La obbligano a fare il test di gravidanza: è incinta e viene licenziata

La ditta di servizi di pulizia, attiva nella zona del Nuorese, sostiene che la giovane lavoratrice di vent'anni non è in grado di adempiere ai compiti per cui era stata reclutata. La Cgil ha risposto fermamente a tale affermazione: "Questi tipi di abusi sono inammissibili".

23 febbraio 2023.

Una ragazza di vent’anni è stata obbligata ad effettuare un test di gravidanza, per escluderne una in corso.

La vicenda, oggetto di esame da parte dell’Ispettorato territoriale del lavoro di Nuoro, della Asl nuorese e dell’Inps, si svolge in una ditta di servizi di pulizia operante in una zona industriale del Nuorese.

La ragazza, assunta il 15 novembre con un contratto a tempo indeterminato e part-time, si trova a fronteggiare una richiesta inusuale e moralmente discutibile da parte della sua datrice di lavoro.

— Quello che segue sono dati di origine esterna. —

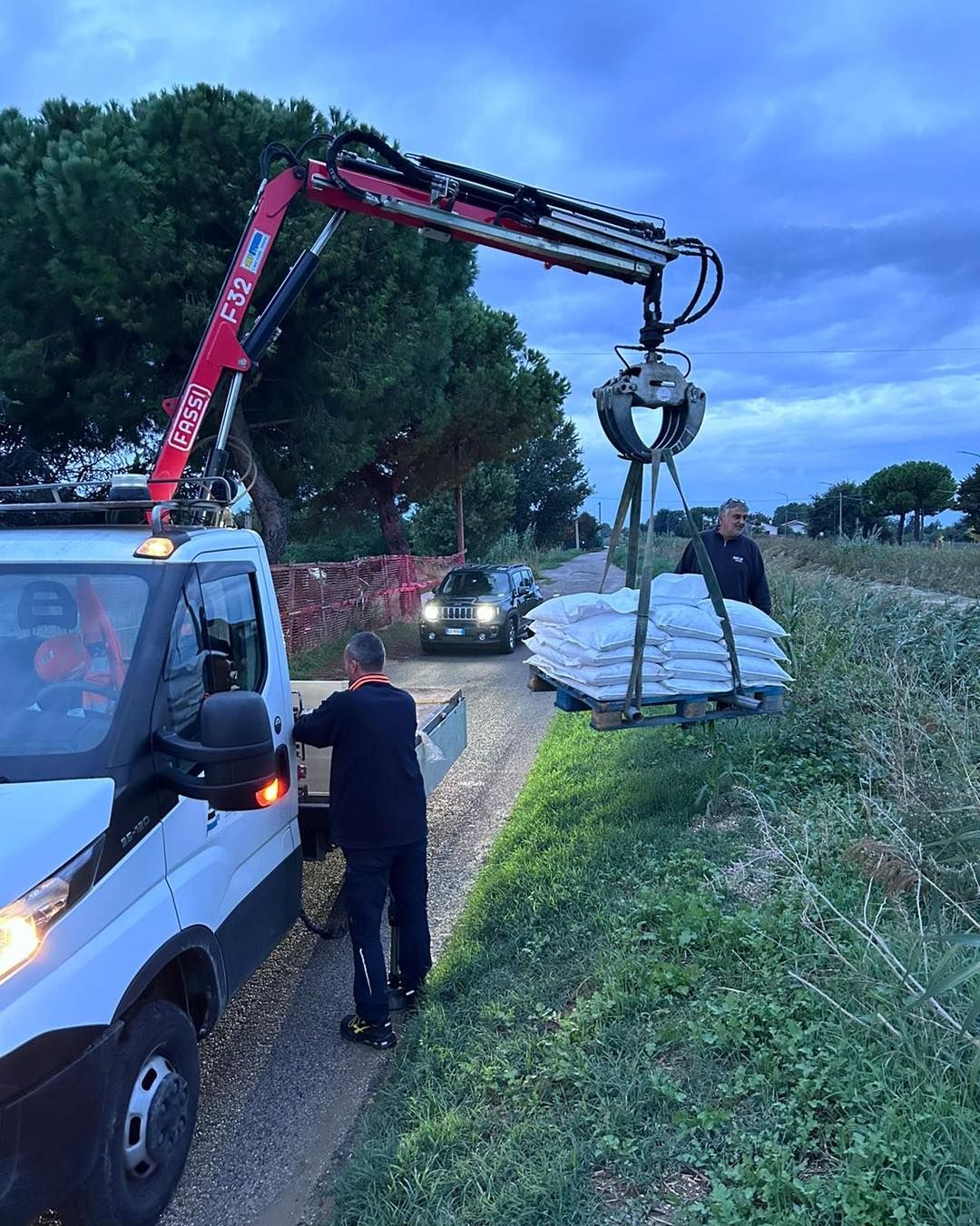 Sala di Cesenatico, sacchi di sabbia lungo gli argini
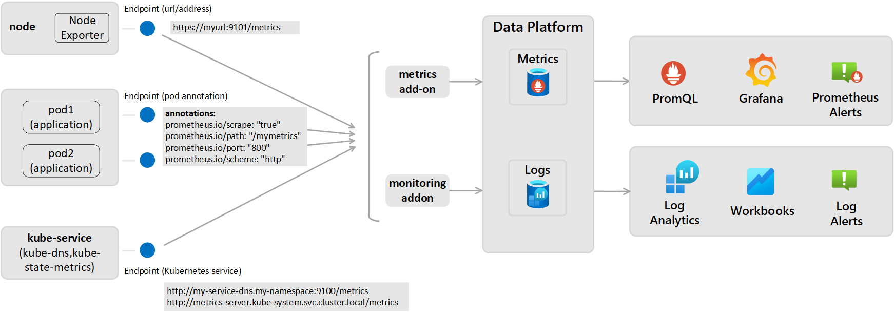 此配置要求为 Azure Monitor 代理配置监视加载项,这是容器见解用于将数据发送到 Log Analytics 工作区的加载项。 这要求通过导出程序或 Pod 公开 Prometheus 指标终结点,然后为容器见解使用的 Azure Monitor 代理配置监视加载项,如下图所示。
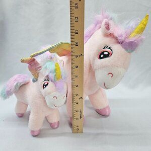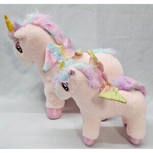 Pink Whimsical Unicorn Plush Mom & Baby with Rainbow Sparkle Wings
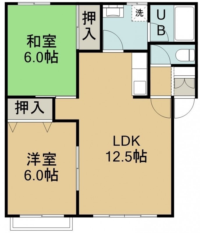 2LDK(56.3m²)└ 2階:LDK12.5帖 洋室6帖 和室6帖
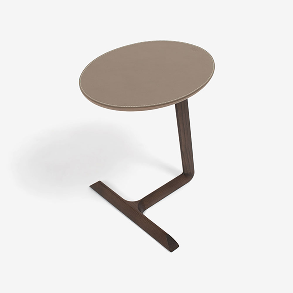 PoltronaFrau(ポルトローナ・フラウ)サイドテーブル楕円形「Fidelio フィデリオ」 アッシュ材モカ色 革トープ色
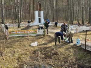 Участники мероприятия привели в порядок братскую могилу жертв фашизма, расположенную в лесном фонде, отдавая дань уважения памяти погибших, сохраняя историческую память.
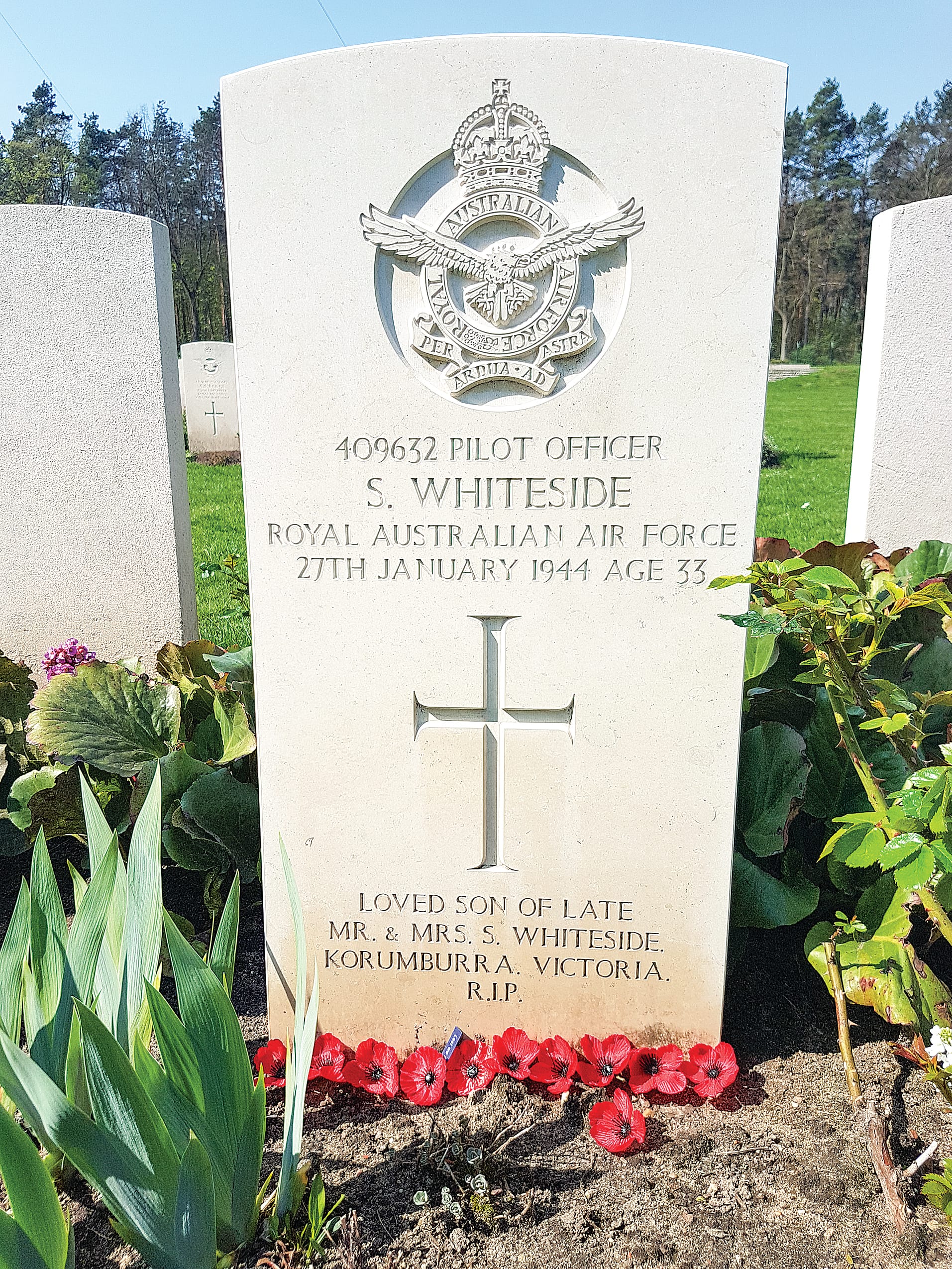 Initially posted as missing it was not until 1951 that the RAAF determined that Whiteside and his crew had been shot down by a German night fighter south-west of Berlin.
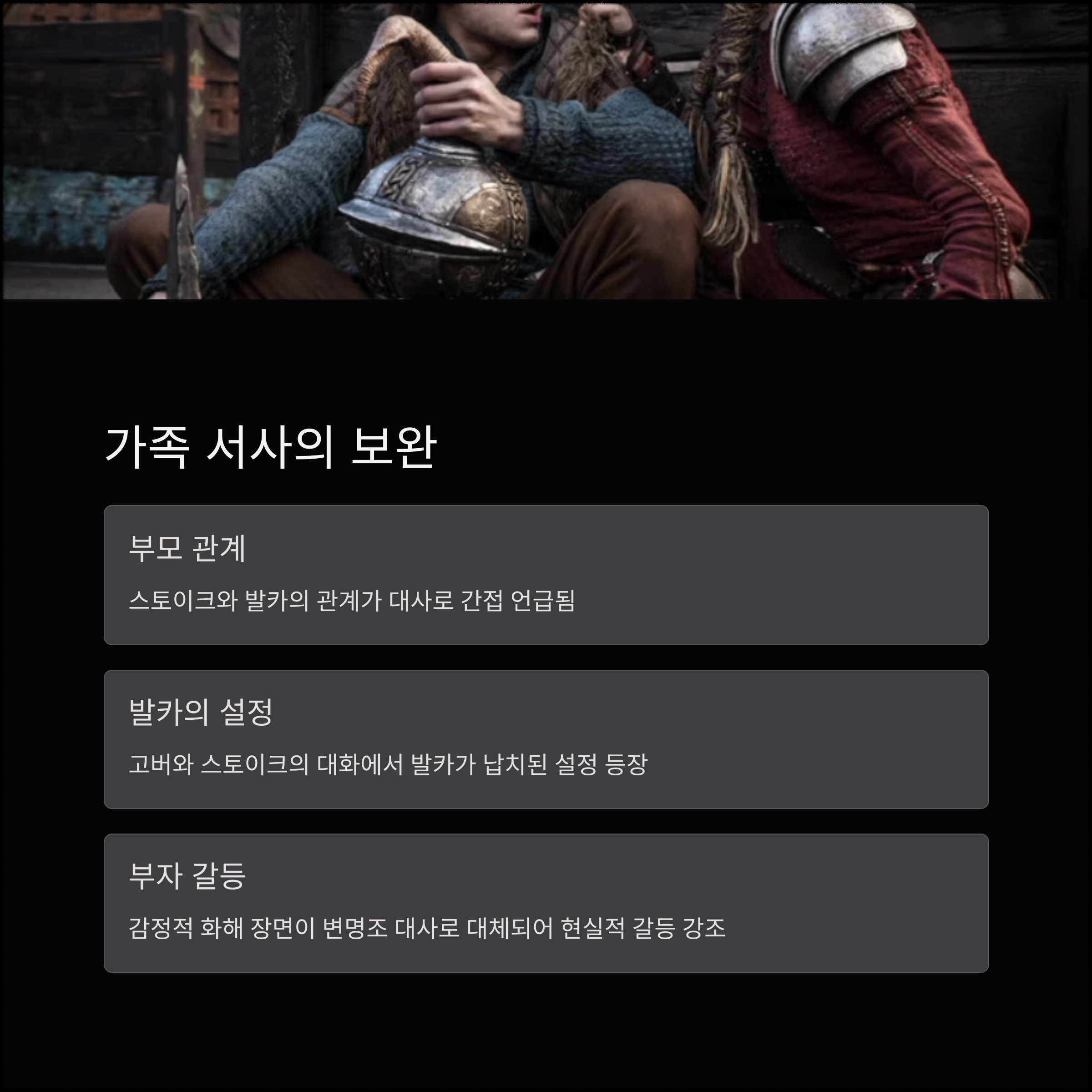 고버와 스토이크의 대화에서도 발카가 납치된 설정이 등장하여 가족 서사가 더 풍성해진다
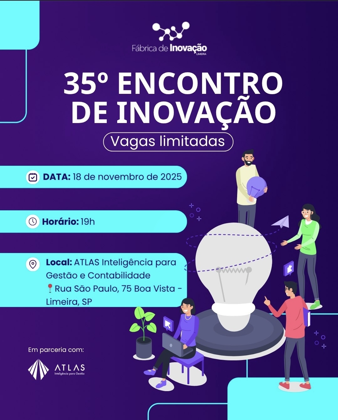 Desta vez, o encontro será sediado na ATLAS Inteligência para Gestão e Contabilidade, reunindo profissionais e empresas para uma noite de troca de experiências, aprendizados e conexões estratégicas que fortalecem o ecossistema inovador de Limeira e região.
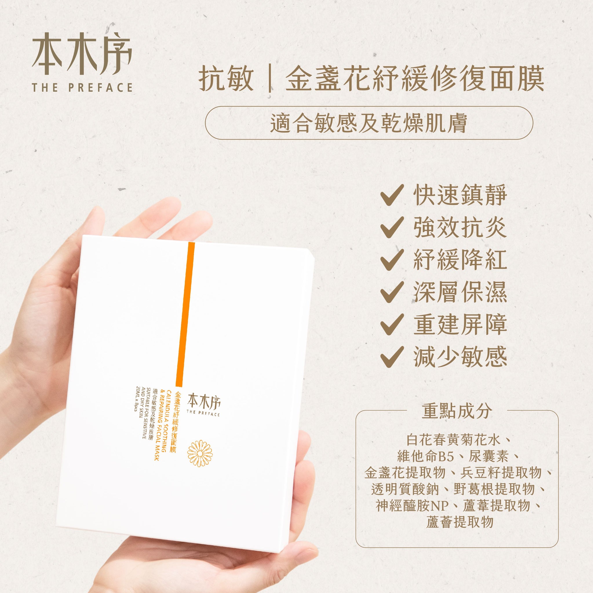 快速鎮靜,改善皮膚紅腫不適;深度補水,瞬間提升皮膚含水量;金盞花紓緩、降紅;分子釘重建皮膚屏障,減少敏感;兵豆籽、野葛根強效抑制炎症;每日15分鐘,連續使用2-3天即可明顯改善問題皮膚。
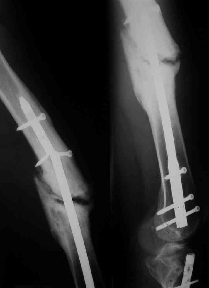 Это произошло бы с меньшей вероятностью, если бы нагрузку своевременно перенесли на костные отломки, которые изо всех сил пытались воссоединиться (о чем говорит наличие неслабой мозоли), да мешала распорка в виде блокированного статически гвоздя.
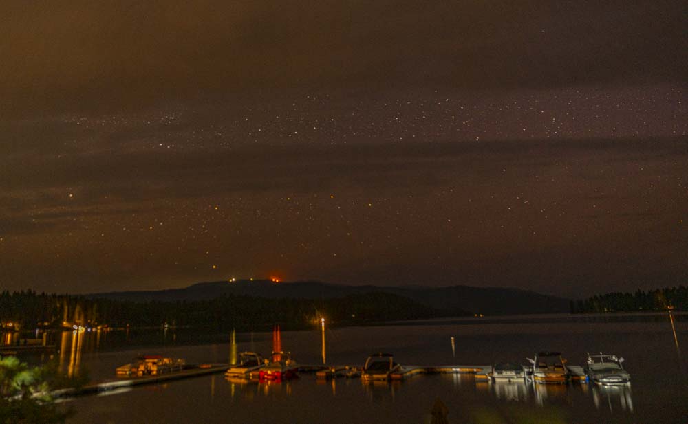 I’m interrupting my normal coverage of the ITA trip back to the Highline Trail to bring you coverage of a fire near McCall. We had a couple thunder storms blow through last night and I woke up this morning to a light glow on the horizon……. It appears we have a wildfire on the ridge above McCall.
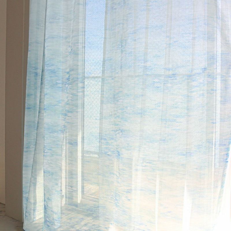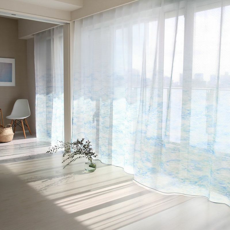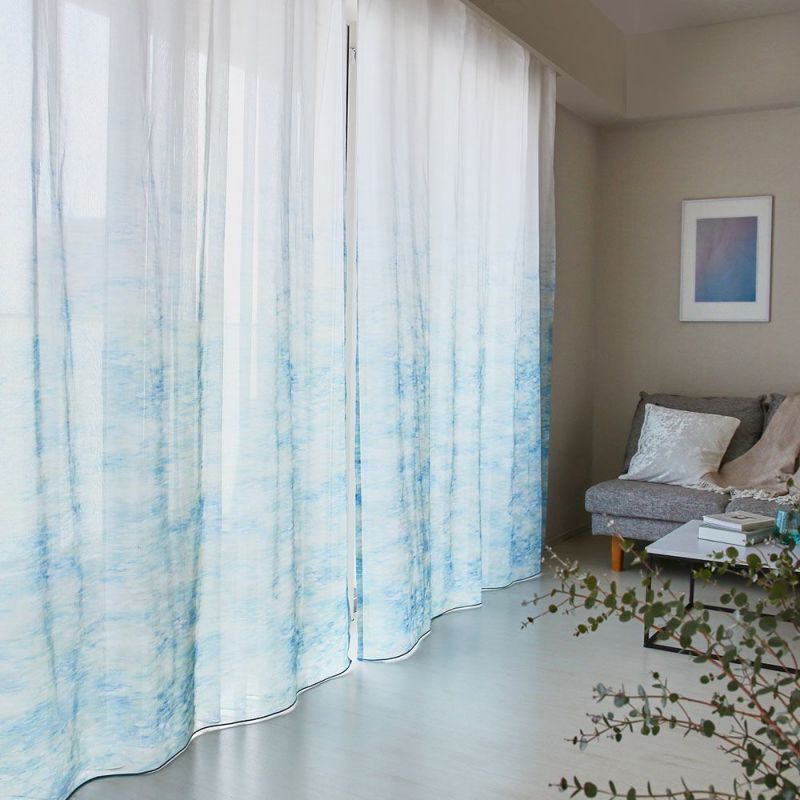 まるで1枚の大きなアートを飾るような贅沢な空間を作ってくれる、レースカーテン。どこまでも続くブルーのパネル柄は、ダイナミックな自然の中にいるようなリラックスした気分にしてくれます。
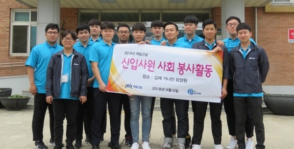 (주)제일건설 2018년 하반기 정기공채 신입사원 13명은 지난 6일 김제 가나안요양원을 찾아 시설 주변 환경정화 봉사활동으로 값진 구슬땀을 흘렸다.
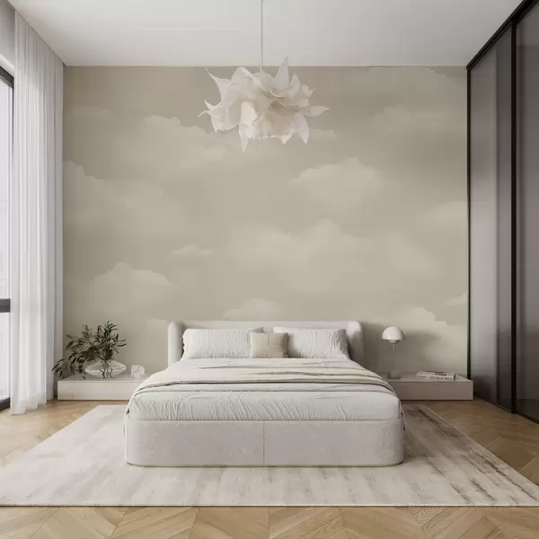 Fototapeedid Kreemjad pilved helebeežil taustal Nr w03994
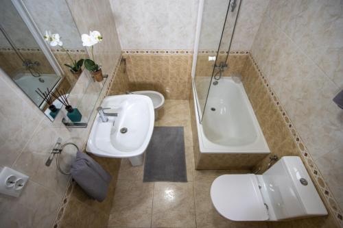 Tento apartmán s klimatizací má 1 ložnici, kuchyň s kompletním vybavením včetně lednice a mikrovlnné trouby a 1 koupelnu. Koupelna je vybavená vanou a fénem. K dispozici jsou i ručníky a ložní prádlo.
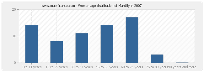 - Mardilly women inhabitants from 60 to 74 years : 17
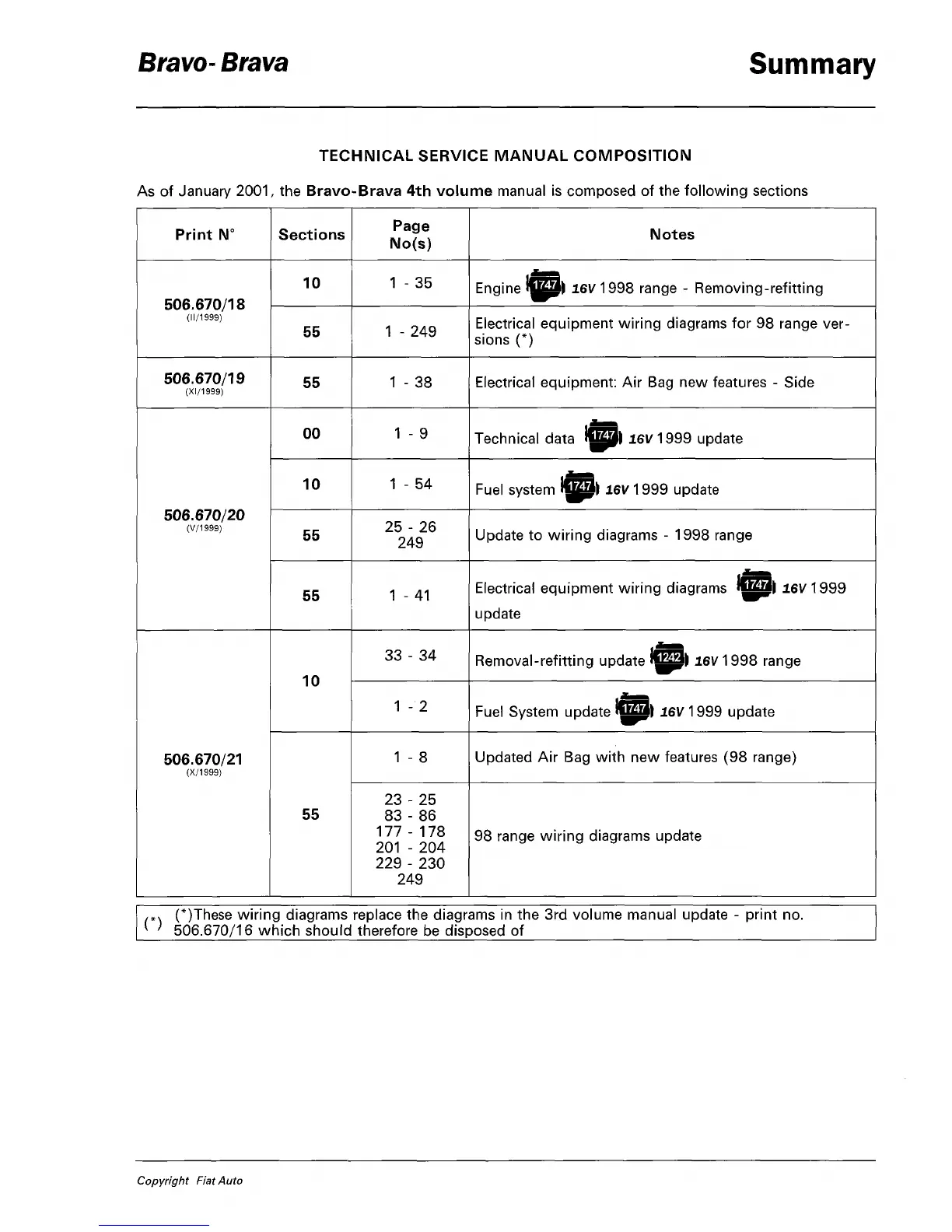 As of January 2001, the Bravo-Brava 4th volume manual is composed of the following sections

L’obbligo a fare il test di gravidanza

Il conflitto inizia quando, durante il periodo di prova, alla giovane viene consegnato un test di gravidanza dalla sua datrice di lavoro.

L’episodio, avvenuto a dicembre e in presenza di due colleghi maschi, pone la lavoratrice in una situazione di grande disagio: le viene richiesto di effettuare il test di gravidanza nel bagno dell’azienda, con l’implicita minaccia di un licenziamento immediato in caso di rifiuto.

Nonostante il test desse esito negativo, la pressione esercitata sulla giovane lavoratrice solleva serie preoccupazioni sul rispetto della privacy e dei diritti dei lavoratori.

La situazione si aggrava quando, a gennaio, la ragazza scopre di essere incinta a seguito di continue nausee che la portano a consultare un ginecologo presso il consultorio della Asl di Nuoro.

Dopo l’accertamento della gravidanza, le viene prescritta un’astensione anticipata dal lavoro per gravidanza a rischio, che dura da metà gennaio a fine febbraio.

Nonostante la comunicazione dello stato di gravidanza all’Inps e alla datrice di lavoro attraverso il patronato Inca Cgil, la lavoratrice si ritrova senza la mensilità di gennaio e, successivamente, viene informata del suo licenziamento per giusta causa tramite un messaggio di WhatsApp.

La ditta giustifica il licenziamento sostenendo che la gravidanza rappresenti un ostacolo insormontabile per le mansioni richieste dal ruolo della lavoratrice, accusandola inoltre di mala fede per non aver dichiarato la sua condizione.

Questa accusa si scontra però con la posizione della Cgil, che impugna il licenziamento considerandolo nullo per assenza di una lettera formale e richiede il reintegro immediato della giovane.

La segretaria generale della Filcams Cgil, Domenica Muravera, descrive il comportamento della datrice di lavoro come inaccettabile e sottolinea la vulnerabilità della giovane lavoratrice, che, per paura di perdere il lavoro e per mancanza di conoscenza dei propri diritti, si era piegata a una richiesta illegittima.

Questo caso non solo evidenzia la necessità di una maggiore protezione legale per le lavoratrici incinte ma anche di una cultura aziendale che rispetti la dignità e i diritti fondamentali dei lavoratori, indipendentemente dal genere o dalla condizione personale.